Он смахнул ладонью пот со лба. Кондиционера у Федосова не было.

— Для нас, журналистов в Африке, должна быть обязательная заданность не только темы, но и аргументации, выводов с неизменным одобрением всех наших действий во внешнем мире и развенчиванием действий идейных противников. Это, конечно, избавляет от самостоятельного и ответственного анализа, а он мог бы войти в противоречие с ортодоксальными установками. Ну, и еще от напряженного поиска информации. Ты сам, Алексей, читал дома наши сообщения из Африки?

— Читал, конечно, — поколебавшись, подтвердил Вьюгин. — Но я уже заранее примерно знал, что там найду.

— Правильно, — согласился Федосов, — некоторые послы, например, требуют, чтобы им показывали корреспонденцию перед тем, как ее отправить в Москву. Так что никакой неожиданности в ней быть не должно. Эти же послы выражают несогласие с оценкой обстановки в стране, вмешиваются в планы работы, поездок, даже знакомств. Мне однажды такой посол сказал: “Ты почему встречаешься с послом этой страны, ведь он меня к себе не приглашает?”

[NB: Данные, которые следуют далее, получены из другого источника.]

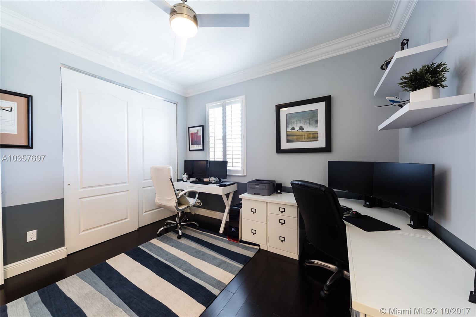 Step into the home of your dreams and enjoy its luminous design! It is obvious that the utmost attention to detail was paid from start to finish when designing and building this home. This spacious beauty offers 5 bedrooms and 4 bathrooms, including one bedroom on the first floor it also features, plantation shutters, crown molding, Bamboo wood floors, upgraded railing on the stairs, extended terrace, impact windows, stainless steel appliances and much more. Enjoy a short walk to the resort-style clubhouse with a state-of-the-art fitness center and many more amenities. Come see it for yourself, I guarantee you'll fall in love!

— Ну, и ты перестал с ним видеться, чтобы не раздражать главного представителя нашей страны?

— Да пошел он … — вполне беззлобно выругался Федосов. — У меня ведь еще одно начальство есть. И, кажется, посильнее.

Вьюгин вспомнил портрет в комнате Ляхова человека с ядовито-насмешливым взглядом, но он не удержался от вопроса:

— Виктор, скажи по правде, что для тебя важнее: сама журналистика или все эти дела…?

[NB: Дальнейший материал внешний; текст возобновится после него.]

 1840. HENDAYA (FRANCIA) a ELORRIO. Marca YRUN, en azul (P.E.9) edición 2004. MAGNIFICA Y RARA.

Вьюгин неопределенно помотал в воздухе ладонью с растопыренными пальцами, намекая этим на нежелание высказываться яснее.

Федосов усмехнулся с добродушной снисходительностью, отмечая этим как наивность вьюгинского вопроса, так и общую извинительную простоватость еще малообстрелянного бойца из пополнения.

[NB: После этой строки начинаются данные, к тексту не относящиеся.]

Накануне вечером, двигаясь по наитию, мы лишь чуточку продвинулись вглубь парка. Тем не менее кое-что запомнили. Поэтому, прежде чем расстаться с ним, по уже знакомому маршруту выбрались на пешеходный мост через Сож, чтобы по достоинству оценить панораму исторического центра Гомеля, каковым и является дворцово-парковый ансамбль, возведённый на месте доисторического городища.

— Конечно, журналистика. Это все-таки моя профессия. А то, что ты весьма расплывчато назвал “этими делами”, тоже по-своему интересно, даже временами захватывающе. И еще опасно. К тому же это и заработок.

Он налил себе пива и выпил с таким видом, будто запивал горькую, хотя и чем-то полезную пилюлю, а потом продолжил:

— Но беспрепятственно публиковать то, что я пишу, занятие “этими делами”, по твоей формулировке, ничуть не помогает. Везде и всегда действует одна и та же установка: писать о происках и кознях империалистов и о завтрашнем дне новой Африки, если речь идет о странах “социалистической ориентации”, а в странах противоположной ориенации нас должна интересовать только классовая борьба и неоколониализм.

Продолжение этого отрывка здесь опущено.